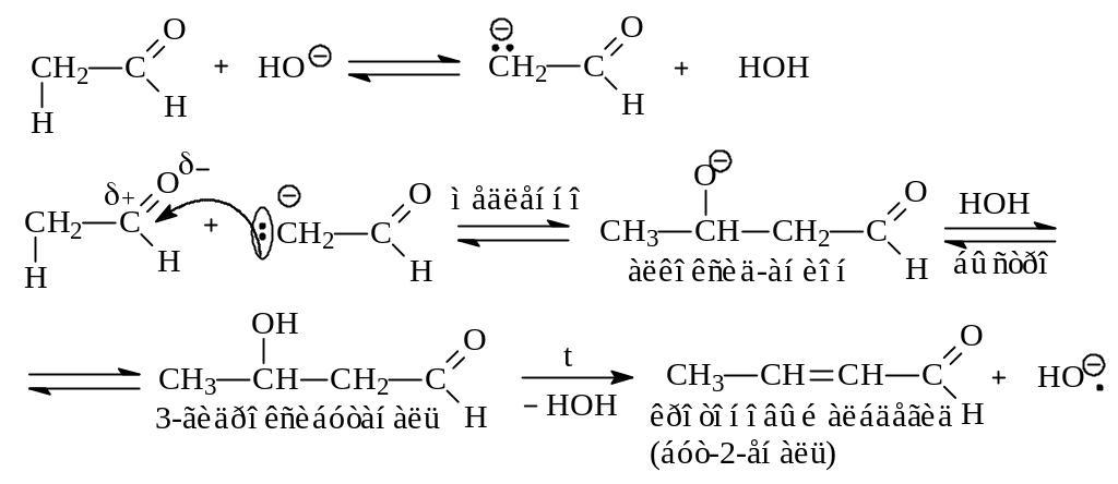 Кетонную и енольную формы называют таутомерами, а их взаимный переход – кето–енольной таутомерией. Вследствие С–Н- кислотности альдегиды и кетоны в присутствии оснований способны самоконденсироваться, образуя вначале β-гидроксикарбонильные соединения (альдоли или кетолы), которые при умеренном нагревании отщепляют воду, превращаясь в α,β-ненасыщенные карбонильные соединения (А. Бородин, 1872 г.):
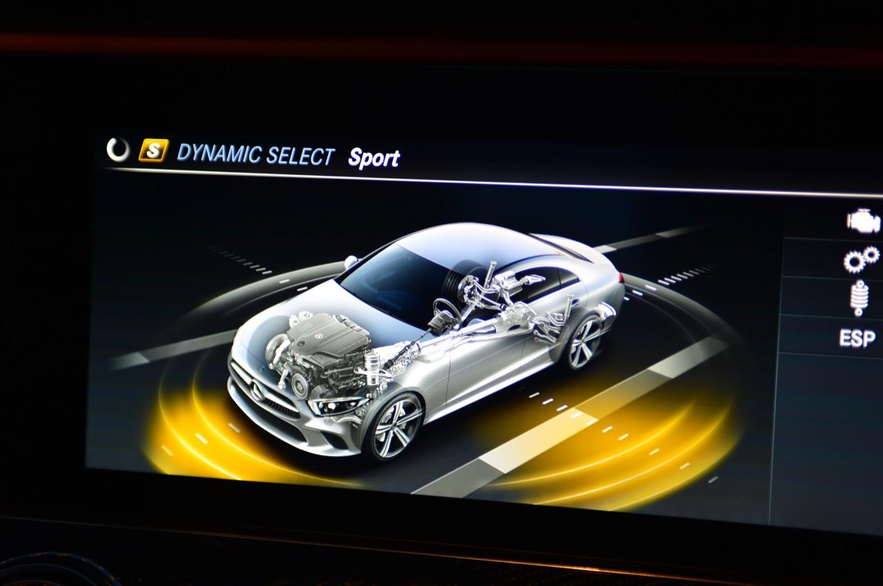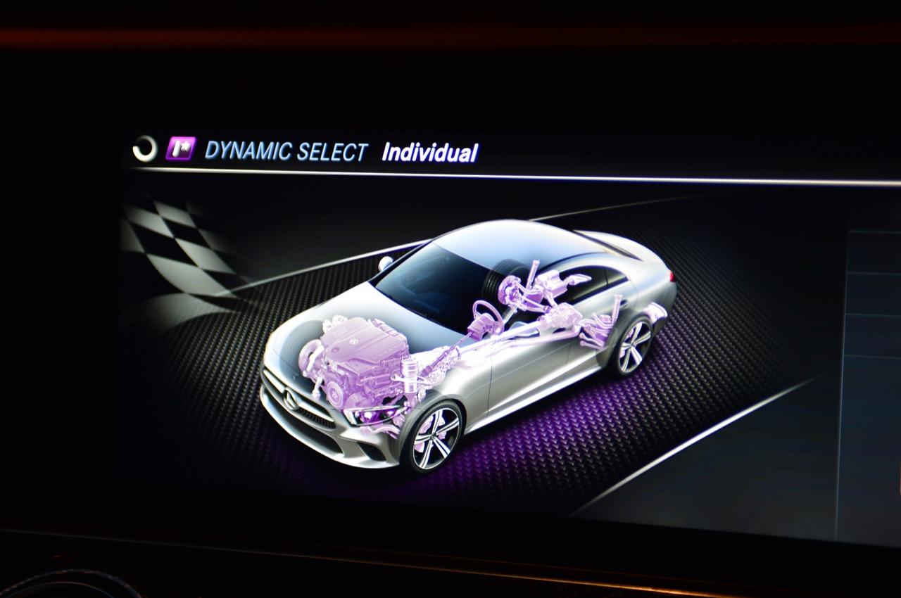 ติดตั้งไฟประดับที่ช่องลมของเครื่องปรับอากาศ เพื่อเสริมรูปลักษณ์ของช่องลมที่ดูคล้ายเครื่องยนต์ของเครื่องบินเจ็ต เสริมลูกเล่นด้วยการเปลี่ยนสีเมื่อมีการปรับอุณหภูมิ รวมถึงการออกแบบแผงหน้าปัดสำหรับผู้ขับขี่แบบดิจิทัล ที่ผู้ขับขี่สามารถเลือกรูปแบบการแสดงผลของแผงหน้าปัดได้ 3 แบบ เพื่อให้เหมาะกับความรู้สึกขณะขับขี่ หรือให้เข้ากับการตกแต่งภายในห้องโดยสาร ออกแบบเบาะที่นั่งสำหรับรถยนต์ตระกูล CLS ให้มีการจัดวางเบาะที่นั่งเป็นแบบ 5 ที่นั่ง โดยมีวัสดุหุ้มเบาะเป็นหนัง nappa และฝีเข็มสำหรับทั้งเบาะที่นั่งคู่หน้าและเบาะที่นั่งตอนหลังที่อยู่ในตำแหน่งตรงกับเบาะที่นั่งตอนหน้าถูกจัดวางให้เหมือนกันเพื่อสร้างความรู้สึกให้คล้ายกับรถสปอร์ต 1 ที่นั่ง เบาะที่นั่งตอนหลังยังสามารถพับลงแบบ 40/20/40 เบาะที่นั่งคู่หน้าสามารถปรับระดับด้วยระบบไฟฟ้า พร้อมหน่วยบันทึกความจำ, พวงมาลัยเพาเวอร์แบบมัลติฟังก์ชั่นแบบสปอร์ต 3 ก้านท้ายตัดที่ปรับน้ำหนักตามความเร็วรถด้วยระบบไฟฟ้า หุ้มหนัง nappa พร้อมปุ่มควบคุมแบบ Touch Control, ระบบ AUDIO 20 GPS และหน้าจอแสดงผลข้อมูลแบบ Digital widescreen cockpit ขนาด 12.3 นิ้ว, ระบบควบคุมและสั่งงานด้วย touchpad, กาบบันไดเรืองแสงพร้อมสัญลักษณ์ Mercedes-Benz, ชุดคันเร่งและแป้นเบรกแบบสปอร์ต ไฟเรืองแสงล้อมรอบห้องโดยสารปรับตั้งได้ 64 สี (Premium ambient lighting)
...
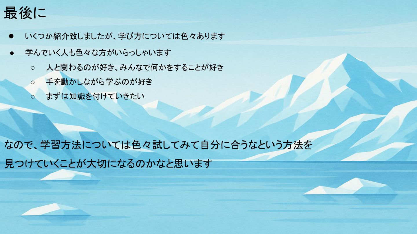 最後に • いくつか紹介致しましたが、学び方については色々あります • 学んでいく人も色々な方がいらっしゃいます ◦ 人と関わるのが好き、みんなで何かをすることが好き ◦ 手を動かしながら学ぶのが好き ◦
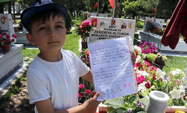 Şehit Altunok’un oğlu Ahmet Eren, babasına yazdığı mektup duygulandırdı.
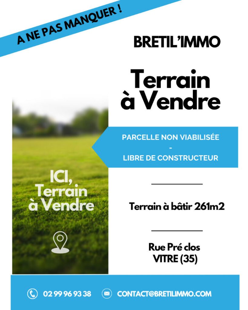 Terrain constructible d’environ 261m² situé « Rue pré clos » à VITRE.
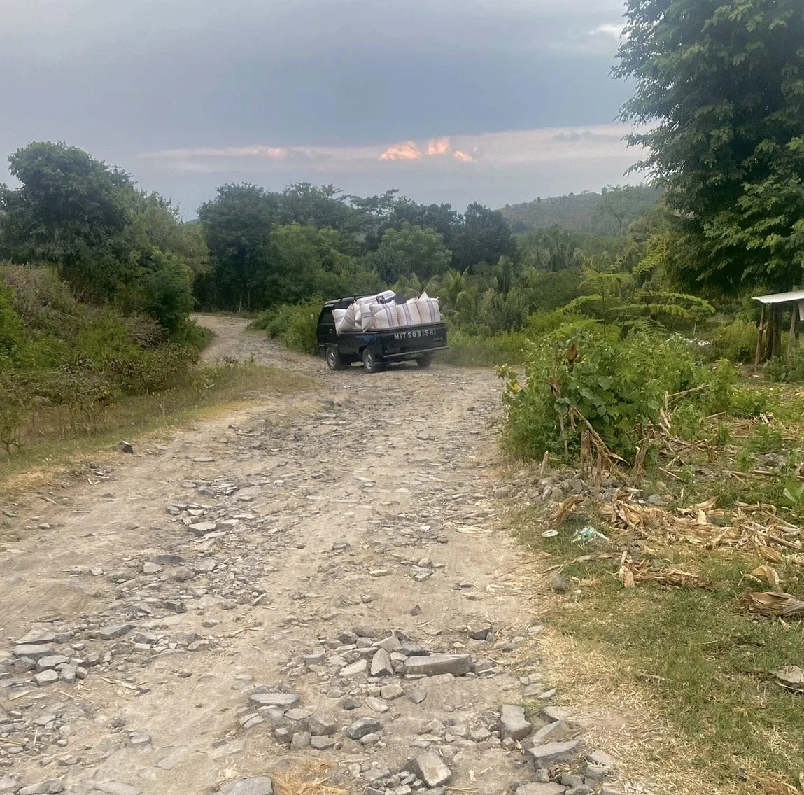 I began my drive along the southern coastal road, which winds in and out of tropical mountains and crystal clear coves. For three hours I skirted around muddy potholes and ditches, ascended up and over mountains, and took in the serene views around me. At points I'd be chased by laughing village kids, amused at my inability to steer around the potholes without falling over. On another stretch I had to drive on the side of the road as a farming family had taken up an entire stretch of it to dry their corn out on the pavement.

• [What is required]: Copy nothing but the lines above that run from the one with "最後に • いくつか紹介致しましたが、学び方については色々あります" to the one with "I began my drive", ends included; pictures stay out.

• [Answer to this task]:
 最後に • いくつか紹介致しましたが、学び方については色々あります • 学んでいく人も色々な方がいらっしゃいます ◦ 人と関わるのが好き、みんなで何かをすることが好き ◦ 手を動かしながら学ぶのが好き ◦
 Şehit Altunok’un oğlu Ahmet Eren, babasına yazdığı mektup duygulandırdı.
 Terrain constructible d’environ 261m² situé « Rue pré clos » à VITRE.
 I began my drive along the southern coastal road, which winds in and out of tropical mountains and crystal clear coves. For three hours I skirted around muddy potholes and ditches, ascended up and over mountains, and took in the serene views around me. At points I'd be chased by laughing village kids, amused at my inability to steer around the potholes without falling over. On another stretch I had to drive on the side of the road as a farming family had taken up an entire stretch of it to dry their corn out on the pavement.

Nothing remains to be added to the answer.